16VAC30-16-20. Definitions.
The following words and terms when used in this chapter shall have the following meanings unless the context clearly indicates otherwise:
"Business day" means Monday through Friday, excluding days on which a holiday is observed by the Commonwealth of Virginia.
"Clearinghouse" means a public or private entity, including a billing service, repricing company, community health management information system or community health information system, and "value-added" networks and switches, that is an agent of either the payer or the health care provider and that may perform the following functions:
1. Processes or facilitates the processing of medical billing information received from a client in a nonstandard format or containing nonstandard data content into standard data elements or a standard transaction for further processing of a bill related transaction; or
2. Receives a standard transaction from another entity and processes or facilitates the processing of medical billing information into nonstandard format or nonstandard data content for a client entity.
"CMS" means the Centers for Medicare and Medicaid Services of the U.S. Department of Health and Human Services, the federal agency that administers these programs.
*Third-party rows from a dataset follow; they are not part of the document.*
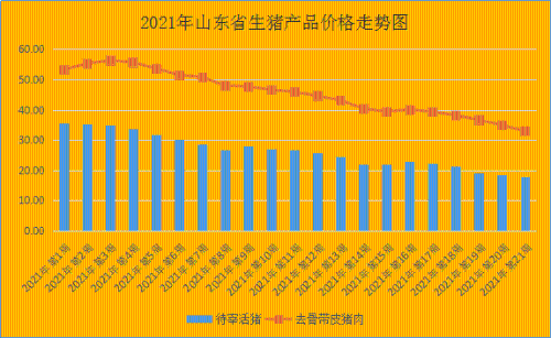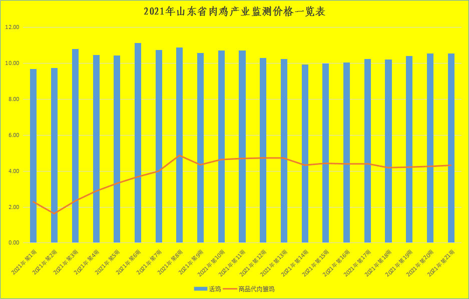 第21周,我省活鸡价格企稳,蓄势待发。第21周,活鸡价格为10.56元/公斤,同比升高22.93%,环比持平。其中最高地区潍坊安丘价格为18.00元/公斤,最低区域在莘县为8.50元/公斤。在鸡肉消费方面,第21周鸡肉冻品走货有所提升,市场交易量环比增加0.78%,白条鸡价格小幅向上,第21周白条价格为18.39元/公斤,同比升高8.37%,环比升高0.77%。
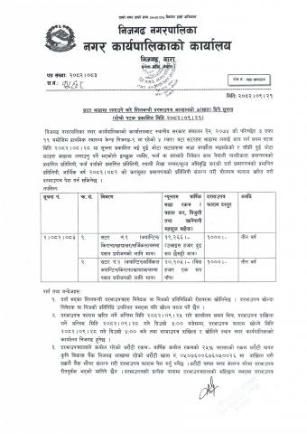 निजगढ नगरपालिकाको कार्यालयको झ्याल, ढोका निर्माण तथा मर्मत सम्बन्धी शिलबन्दी दरभाउपत्र आह्रानको सूचना।
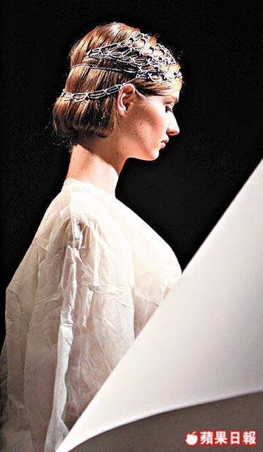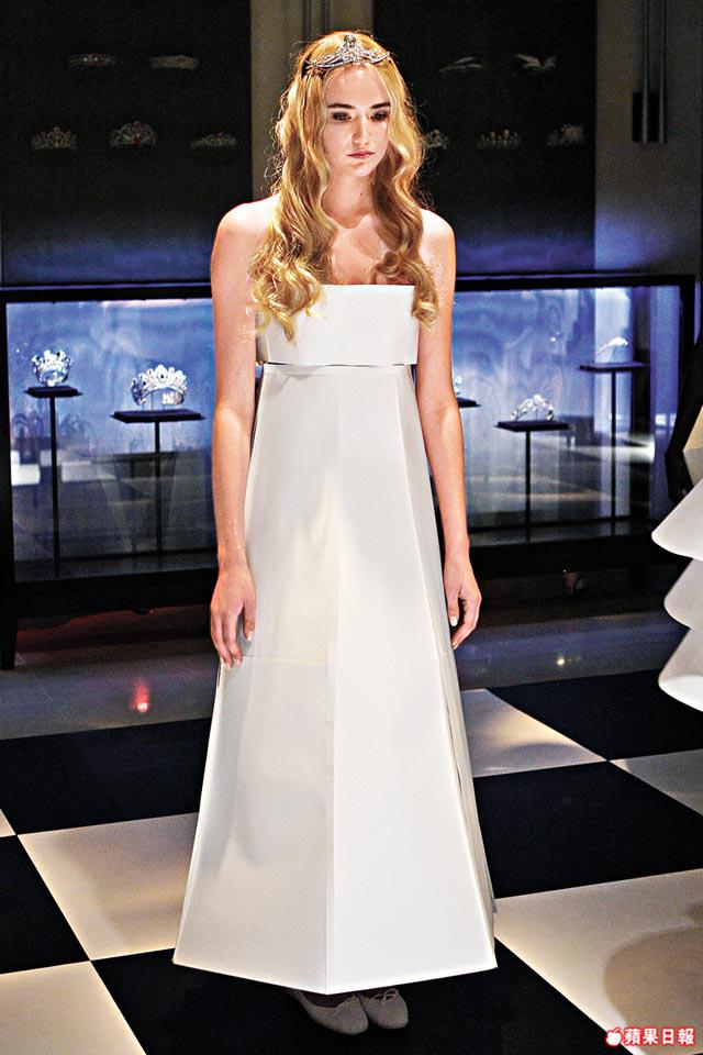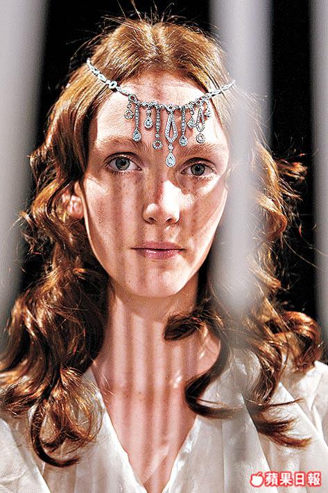 另一房間,多位模特兒整齊穿上白色娃娃紙裙示範后冠、headband,hairclip,各人化身音樂盒上的小仙女,旋轉舞動行catwalk。系列中的Josephine后冠、headband以黃金和鑽石組成,與秀髮成一體,當中一枚重10.31卡梨形黃鑽佇立在后冠中央,盡顯royalbeauty的氣質。
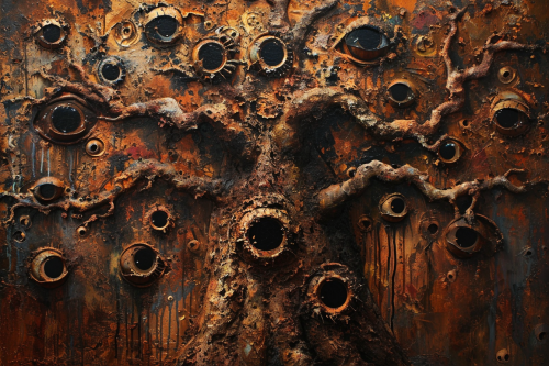 a tree made of eyes, made out of rusted metal, cosmic horror, gothic, 1980s movie, 1980s horror film art, 1980s film poster art, technicolor film, high detail, high resolution --ar 3:2 --v 6.0

"Companion Guide" means the Virginia Workers' Compensation Electronic Billing and Payment Companion Guides, based on International Association of Industrial Accident Boards and Commissions National Companion Guides, a separate document that gives detailed information for electronic data interchange (EDI) medical billing and payment for the workers' compensation industry using national standards and Virginia specific procedures.
"Complete electronic medical bill" means a medical bill that meets all of the criteria enumerated in 16VAC30-16-50 C.
"Electronic" means communication between computerized data exchange systems that complies with the standards enumerated in this chapter.
"Health care provider" means a person or entity, appropriately certified or licensed, as required, who provides medical services or products to an injured worker in accordance with § 65.2-603 of the Code of Virginia.
"Health care provider agent" means a person or entity that contracts with a health care provider establishing an agency relationship to process bills for services provided by the health care provider under the terms and conditions of a contract between the agent and health care provider. Such contracts may permit the agent to submit bills, request reconsideration, receive reimbursement, and seek medical dispute resolution for the health care provider services billed in accordance with §§ 65.2-605 and 65.2-605.1 of the Code of Virginia.
"Payer" means the insurer or authorized self-insured employer legally responsible for paying the workers' compensation medical bills.
"Payer agent" means any person or entity that performs medical bill related processes for the payer responsible for the bill. These processes include reporting to government agencies; electronic transmission, forwarding, or receipt of documents; review of reports; and adjudication of bills and their final payment.
"Supporting documentation" means those documents necessary for the payer to process a bill and includes any written authorization received from the third-party administrator or any other records as required by the Virginia Workers' Compensation Commission.
"Technical Report Type 3 (TR3) Implementation Guide" means an ASC X12 published document for national electronic standard formats that specifies data requirements and data transaction sets, as referenced in 16VAC30-16-30.
Statutory Authority
§ 65.2-605.1 of the Code of Virginia.
Historical Notes
Derived from Virginia Register Volume 35, Issue 10, eff. February 6, 2019.